◆ ACTION ITEM
Please filter the data down to the lines that include the word "while" and copy them.

===== DATA EXTRACT

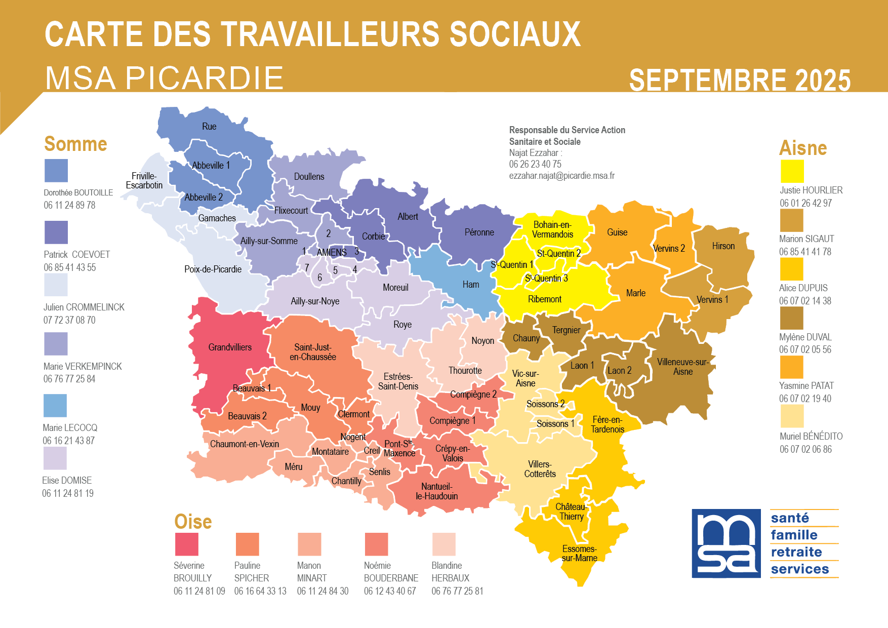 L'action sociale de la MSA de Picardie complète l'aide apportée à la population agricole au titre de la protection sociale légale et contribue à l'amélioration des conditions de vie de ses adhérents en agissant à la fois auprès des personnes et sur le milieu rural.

==========
===== DATA EXTRACT

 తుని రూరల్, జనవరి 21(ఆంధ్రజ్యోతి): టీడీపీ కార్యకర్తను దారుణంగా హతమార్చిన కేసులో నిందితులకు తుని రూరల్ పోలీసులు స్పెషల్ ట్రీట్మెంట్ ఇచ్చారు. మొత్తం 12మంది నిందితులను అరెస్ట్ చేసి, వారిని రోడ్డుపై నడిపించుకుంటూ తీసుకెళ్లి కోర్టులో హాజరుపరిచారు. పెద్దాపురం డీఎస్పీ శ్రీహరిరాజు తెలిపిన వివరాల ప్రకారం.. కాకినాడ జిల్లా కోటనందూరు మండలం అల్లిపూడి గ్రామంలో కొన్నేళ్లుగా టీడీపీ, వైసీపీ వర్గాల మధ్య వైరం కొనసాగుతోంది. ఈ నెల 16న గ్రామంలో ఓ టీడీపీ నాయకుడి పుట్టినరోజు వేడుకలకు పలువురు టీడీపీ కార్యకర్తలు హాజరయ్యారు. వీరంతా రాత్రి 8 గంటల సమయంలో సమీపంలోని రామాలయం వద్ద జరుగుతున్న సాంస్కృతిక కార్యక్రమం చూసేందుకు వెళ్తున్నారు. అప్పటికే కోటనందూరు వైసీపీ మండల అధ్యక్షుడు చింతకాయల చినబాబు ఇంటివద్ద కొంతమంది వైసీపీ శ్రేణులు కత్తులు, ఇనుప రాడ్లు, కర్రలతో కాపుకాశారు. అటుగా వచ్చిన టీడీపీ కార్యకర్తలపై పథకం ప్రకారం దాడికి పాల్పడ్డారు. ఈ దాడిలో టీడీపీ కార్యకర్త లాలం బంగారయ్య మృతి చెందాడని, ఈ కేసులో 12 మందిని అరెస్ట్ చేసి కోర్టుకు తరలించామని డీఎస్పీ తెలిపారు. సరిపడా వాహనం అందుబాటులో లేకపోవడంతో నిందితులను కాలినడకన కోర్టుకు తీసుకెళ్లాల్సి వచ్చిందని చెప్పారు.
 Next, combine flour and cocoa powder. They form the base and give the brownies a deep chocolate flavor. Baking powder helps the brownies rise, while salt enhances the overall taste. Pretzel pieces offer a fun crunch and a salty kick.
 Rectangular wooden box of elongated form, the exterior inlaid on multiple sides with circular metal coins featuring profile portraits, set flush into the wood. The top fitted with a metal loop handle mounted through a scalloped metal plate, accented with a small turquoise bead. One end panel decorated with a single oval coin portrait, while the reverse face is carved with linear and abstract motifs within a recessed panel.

==========
===== DATA EXTRACT

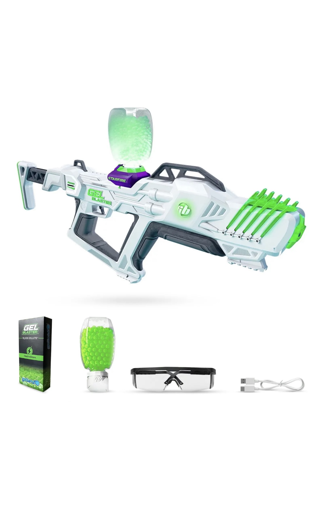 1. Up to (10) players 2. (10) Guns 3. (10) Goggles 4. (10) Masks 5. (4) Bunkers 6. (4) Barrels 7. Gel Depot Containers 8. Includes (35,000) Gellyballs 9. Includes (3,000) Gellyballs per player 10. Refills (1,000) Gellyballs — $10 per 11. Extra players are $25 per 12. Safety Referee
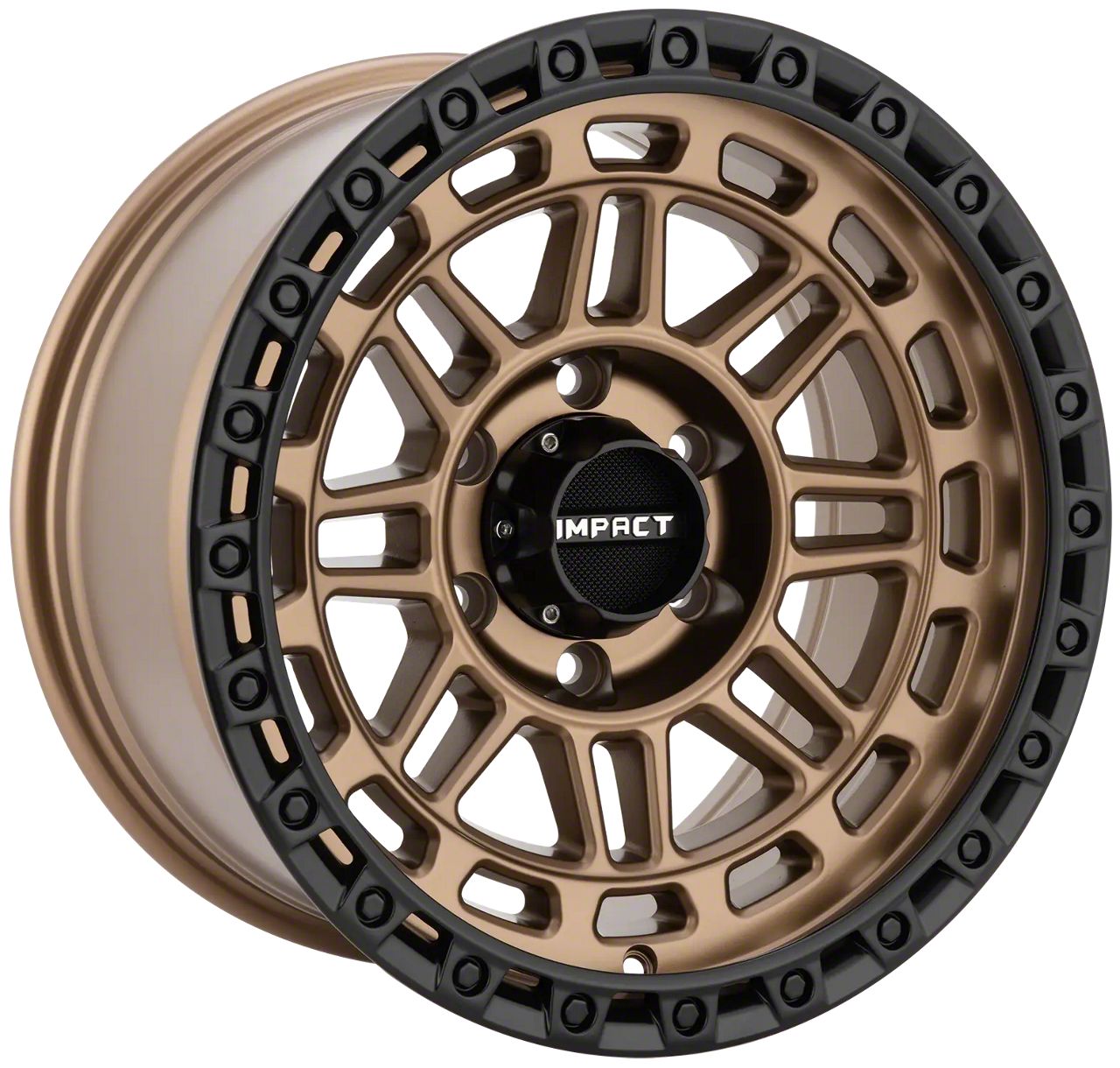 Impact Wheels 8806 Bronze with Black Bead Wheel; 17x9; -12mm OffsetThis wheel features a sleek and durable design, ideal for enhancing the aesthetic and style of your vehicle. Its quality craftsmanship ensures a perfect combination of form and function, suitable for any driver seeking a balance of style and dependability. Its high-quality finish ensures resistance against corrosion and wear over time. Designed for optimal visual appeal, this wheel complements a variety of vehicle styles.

==========

◆ YOUR SOLUTION
 Next, combine flour and cocoa powder. They form the base and give the brownies a deep chocolate flavor. Baking powder helps the brownies rise, while salt enhances the overall taste. Pretzel pieces offer a fun crunch and a salty kick.
 Rectangular wooden box of elongated form, the exterior inlaid on multiple sides with circular metal coins featuring profile portraits, set flush into the wood. The top fitted with a metal loop handle mounted through a scalloped metal plate, accented with a small turquoise bead. One end panel decorated with a single oval coin portrait, while the reverse face is carved with linear and abstract motifs within a recessed panel.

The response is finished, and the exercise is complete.